É engraçado como criança tem medo do primeiro dia na escola. É como se nunca mais fosse ver os pais. É como se aquela manhã ou tarde fosse ser eterna. É como se todos na escolinha fossem monstros que vão tratá-la mal. É como se todas as outras crianças estivessem olhando e criticando cada movimento seu e cada milímetro de sua aparência. É como se toda a proteção dos pais fosse perdida naquele momento e a criança estivesse vulnerável a tudo de ruim que existe no mundo. É como se os pais não se importassem em deixá-la vulnerável.

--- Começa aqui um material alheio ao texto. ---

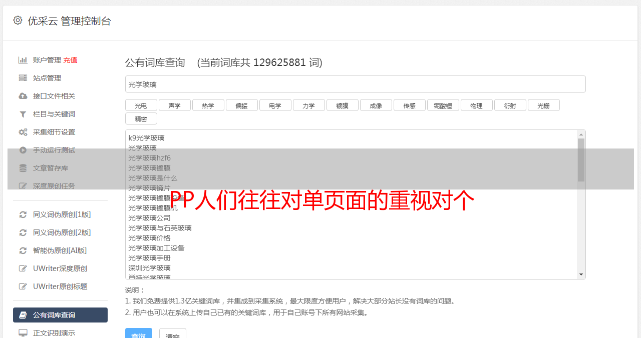 PP人往往对单个页面的关注度比对整个网站要少,但是一个页面有时也能达到整个网站无法达到的效果。单页有利有弊,优点是集中网站的权重有利于增加网站的相关性,有利于搜索引擎抓取。当然,也有缺点。如果要获得大量流量,内部优化比较困难。 关键词 的布局变得更加困难。如果要在单个页面上布局大量关键词,会被搜索引擎判断为关键词Stacking,导致过度优化。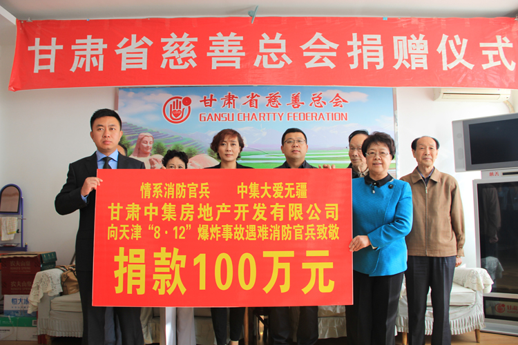 2015年9月17日上午,甘肅中集房地產(chǎn)開發(fā)有限公司總經(jīng)理周啟濤親自前往甘肅省慈善總會,將100萬元善款交給甘肅省慈善總會,委托甘肅省慈善總會轉(zhuǎn)交給天津市慈善協(xié)會,并由天津市慈善協(xié)會將善款交由天津市消防部門發(fā)放至參加天津港“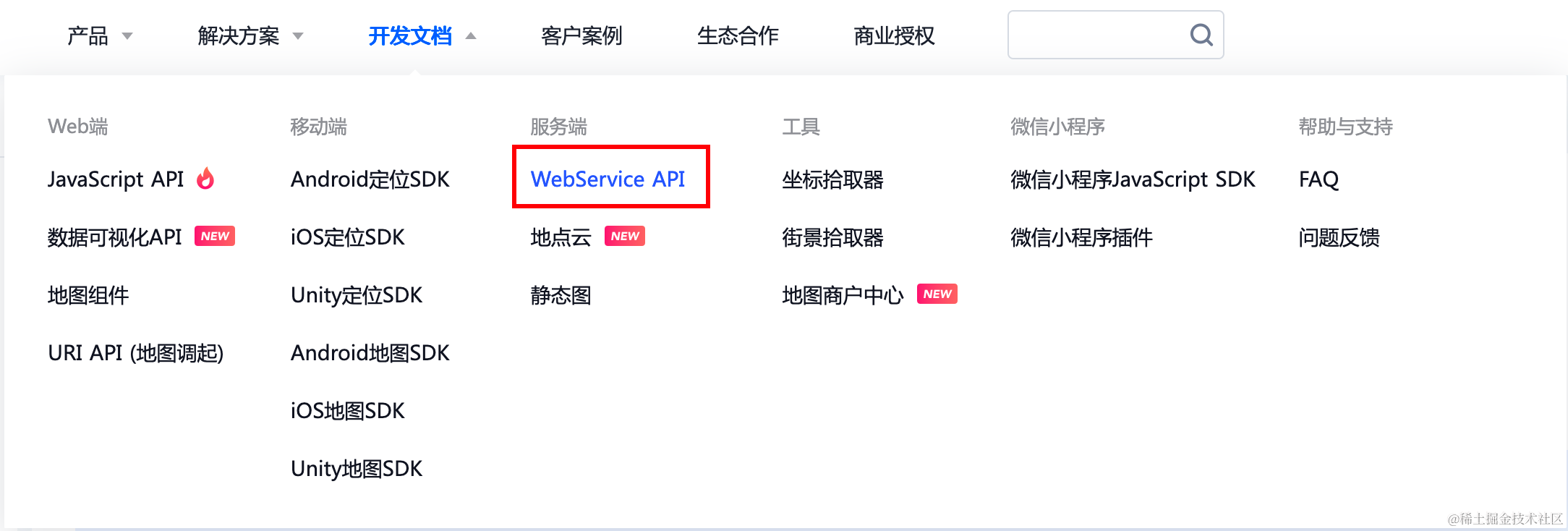 滑动到上方菜单的开发文档 -> 选择服务端下的WebService API:

Conforme o tempo se passa, surgem diversas outras situações semelhantes: A primeira vez que os pais nos deixam sozinhos em casa; a primeira vez que saímos sozinhos de casa; a primeira vez que andamos sozinhos de ônibus… Em algumas dessas situações a sensação de independência que aprendemos a desejar, nos alivia em parte da sensação de não estar sob proteção. Talvez estes exemplos não estejam tão próximos do primeiro. Contudo, há situações na vida em que realmente nos sentimos novamente desamparados. É quando nem a liberdade nos consola.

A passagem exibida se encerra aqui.